On Friday, Pick n Pay announced it expected headline earnings per share (HEPS) and diluted HEPS from total operations to decrease by between 10% and 20% for the 6 month period ended August 31.
HEPS and diluted HEPS from continuing operations would decrease by between 30% and 40%‚ the company said.
Turnover growth for the period was 5.9% with like-for-like growth at 3.2%. The company said that although new store growth was still behind the market‚ store openings were weighted to the second half of the financial year and significant work was underway to strengthen the medium to longer term pipeline.
“Lower than expected turnover growth is the result of increased market competitiveness‚ poor availability of merchandise from suppliers and continued economic pressure on our heartland customer‚” Pick n Pay said.

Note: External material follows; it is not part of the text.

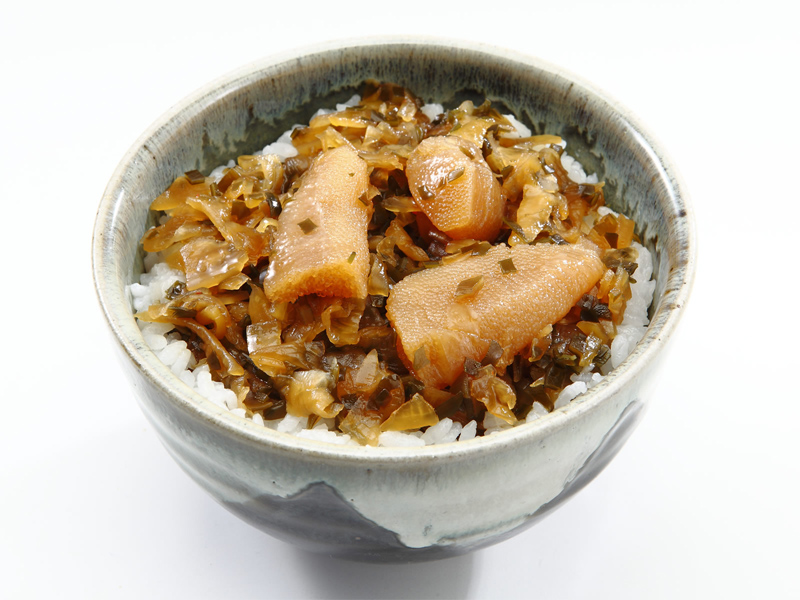 海の幸(数の子、スルメ、昆布)と山の幸(大根、キュウリ)の、おなじみの醤油漬です。永年のベストセラー。

Initial operating difficulties were encountered at Longmeadow when taking over day to day management of the distribution centre‚ the group noted.
“Operational and cost improvements have been achieved since then. The financial implications of these difficulties plus contract termination costs have had a negative impact on the results‚” Pick n Pay said.
Furthermore‚ an investment had been made in developing internal skills and costs were incurred.
“The group is confident that while the short term impact is negative‚ investing in internal skills and accelerating these programmes will bear significant future benefits‚” it said.
Pick n Pay added that its category buying function was centralised during the current period‚ and some operational difficulties were encountered which had negatively affected margins and stock availability in the short term.
EBITDA from continuing operations is expected to decrease by between 10% and 20% for the period.
Pick n Pay’s results will be released on October 24.